By acceptance of this Commitment, the Borrower and each Guarantor party hereto agrees to reimburse the Administrative Agent for actual out-of-pocket expenses (including reasonable outside counsel attorneys’ fees and expenses and expenses of due diligence) actually incurred by the Administrative Agent arising in connection with the negotiation, preparation, execution, and delivery of this Commitment Letter or the Loan Documents. The Borrower and each Guarantor party hereto also agrees to reimburse the Administrative Agent for actual out-of-pocket expenses incurred by the Administrative Agent in connection with the underwriting of the Facility.
In the event that the Administrative Agent becomes involved in any capacity in any action, proceeding or investigation in connection with the execution of this Commitment Letter, the Borrower and each Guarantor party hereto will reimburse the Administrative Agent for its reasonable out-of-pocket legal and other expenses (including the reasonable out-of-pocket cost of any investigation and preparation, but limited to a single outside counsel) as they are actually incurred by the Administrative Agent. The Borrower and Guarantor party hereto are to indemnify and hold harmless the Administrative Agent and its affiliates and their respective directors, officers, employees and Administrative Agent (the “Indemnified Parties”) from and against any and all losses, claims, damages and liabilities,
2
joint or several, related to or arising out of any matters contemplated by this letter, except (a) to the extent that it shall be finally judicially determined that such losses, claims, damages or liabilities resulted from the gross negligence, bad faith, willful misconduct or breach of this Commitment Letter by any Indemnified Party or (b) for special, incidental, exemplary, consequential, punitive or similar damages unless actually imposed by a court of competent jurisdiction after the exhaustion of all applicable appeals and included in a third-party claim in connection with which such Indemnified Parties is entitled to indemnification hereunder.
The provisions of the immediately preceding two paragraphs shall remain in full force and effect regardless of whether the Closing Date occurs and notwithstanding the termination of this Commitment Letter or the commitments of the Commitment Parties.

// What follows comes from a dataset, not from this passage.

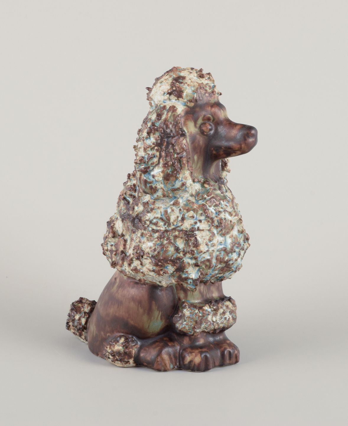 EGO Stengods, Sverige. Keramikfigur af kongepuddel. Glasur i brungrønne toner. 1970/80’erne. Stemplet. I flot stand med enkelt mindre afslag. Mål: L 11,0 cm. x B 8,0 cm. x H 18,0 cm.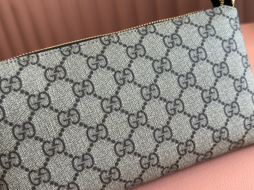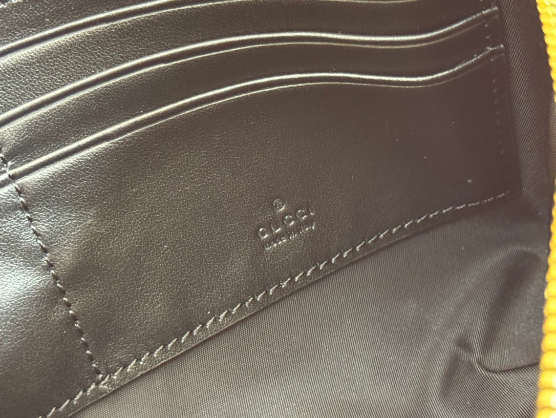RUBBER EFFECT SMALL WALLET ON CHAIN 22.5 IN BEIGE AND DARK BROWN GG CALFSKIN

The undertaking and commitment contained herein may not be disclosed to or relied upon by any other person or entity other than your officers, directors, members, partners, accountants, attorneys, investors, prospective investors, affiliates, agents, consultants and other advisors who are directly involved in the consideration of this matter and the Borrower may disclose this Commitment to its directors, officers and professional advisors in connection with the consideration of this matter, without the prior written consent of the Administrative Agent, except that following your acceptance hereof you may make public your disclosure hereof as required by law or court order, if requested to do so in connection with litigation or similar proceeding, or upon the advice of counsel that disclosure is required by law, including the rules and regulations of the U.S. Securities and Exchange Commission. Except with respect to the foregoing, any public disclosure of the terms and conditions of this proposal must be pre-approved by the Administrative Agent.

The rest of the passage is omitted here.